#### [Your goal]
No pictures go into the copy. Write out exactly the lines below from the one containing "Dois de maio" through the one containing "2 Nice Cut/Polished/Treated".

#### [Data for this exercise]
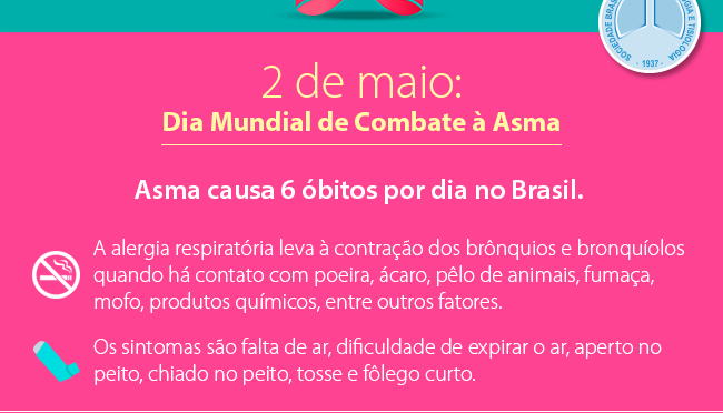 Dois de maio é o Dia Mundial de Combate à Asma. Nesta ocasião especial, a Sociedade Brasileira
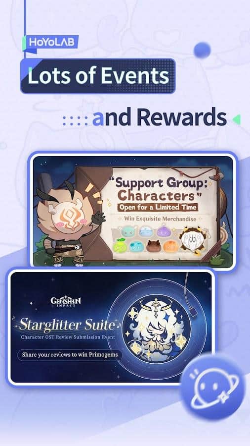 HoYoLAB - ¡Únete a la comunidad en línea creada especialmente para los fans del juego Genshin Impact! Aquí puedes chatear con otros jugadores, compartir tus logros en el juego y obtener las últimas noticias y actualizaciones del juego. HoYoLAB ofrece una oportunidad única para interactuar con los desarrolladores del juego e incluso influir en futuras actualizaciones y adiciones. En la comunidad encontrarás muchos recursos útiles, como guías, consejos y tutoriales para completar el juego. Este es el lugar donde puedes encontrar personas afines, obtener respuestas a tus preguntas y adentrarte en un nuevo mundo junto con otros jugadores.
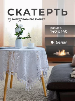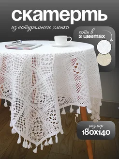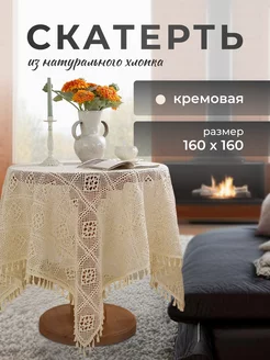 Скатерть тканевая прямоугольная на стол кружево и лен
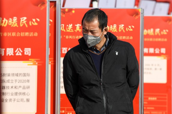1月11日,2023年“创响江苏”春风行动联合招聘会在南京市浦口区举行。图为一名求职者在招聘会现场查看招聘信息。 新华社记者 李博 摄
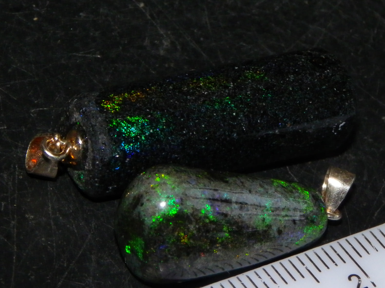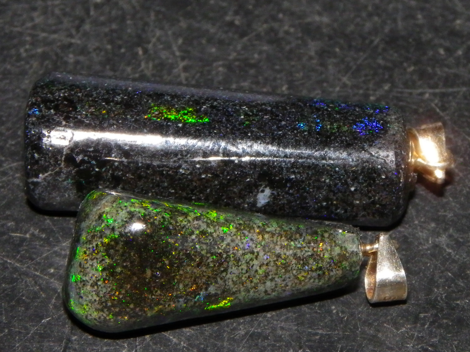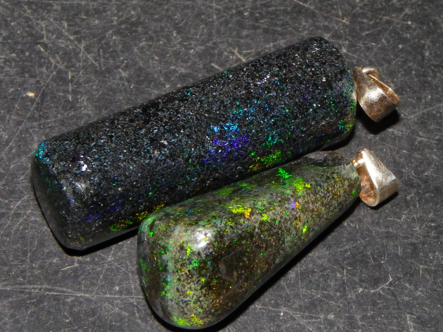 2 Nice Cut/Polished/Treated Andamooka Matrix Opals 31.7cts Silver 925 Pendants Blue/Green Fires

---

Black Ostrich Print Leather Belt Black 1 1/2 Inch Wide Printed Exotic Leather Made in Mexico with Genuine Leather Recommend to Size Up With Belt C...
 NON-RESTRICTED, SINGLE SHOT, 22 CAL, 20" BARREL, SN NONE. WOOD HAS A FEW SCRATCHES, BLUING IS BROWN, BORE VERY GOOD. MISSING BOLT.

#### [Your solution]
 Dois de maio é o Dia Mundial de Combate à Asma. Nesta ocasião especial, a Sociedade Brasileira
 HoYoLAB - ¡Únete a la comunidad en línea creada especialmente para los fans del juego Genshin Impact! Aquí puedes chatear con otros jugadores, compartir tus logros en el juego y obtener las últimas noticias y actualizaciones del juego. HoYoLAB ofrece una oportunidad única para interactuar con los desarrolladores del juego e incluso influir en futuras actualizaciones y adiciones. En la comunidad encontrarás muchos recursos útiles, como guías, consejos y tutoriales para completar el juego. Este es el lugar donde puedes encontrar personas afines, obtener respuestas a tus preguntas y adentrarte en un nuevo mundo junto con otros jugadores.
 Скатерть тканевая прямоугольная на стол кружево и лен
1月11日,2023年“创响江苏”春风行动联合招聘会在南京市浦口区举行。图为一名求职者在招聘会现场查看招聘信息。 新华社记者 李博 摄
 2 Nice Cut/Polished/Treated Andamooka Matrix Opals 31.7cts Silver 925 Pendants Blue/Green Fires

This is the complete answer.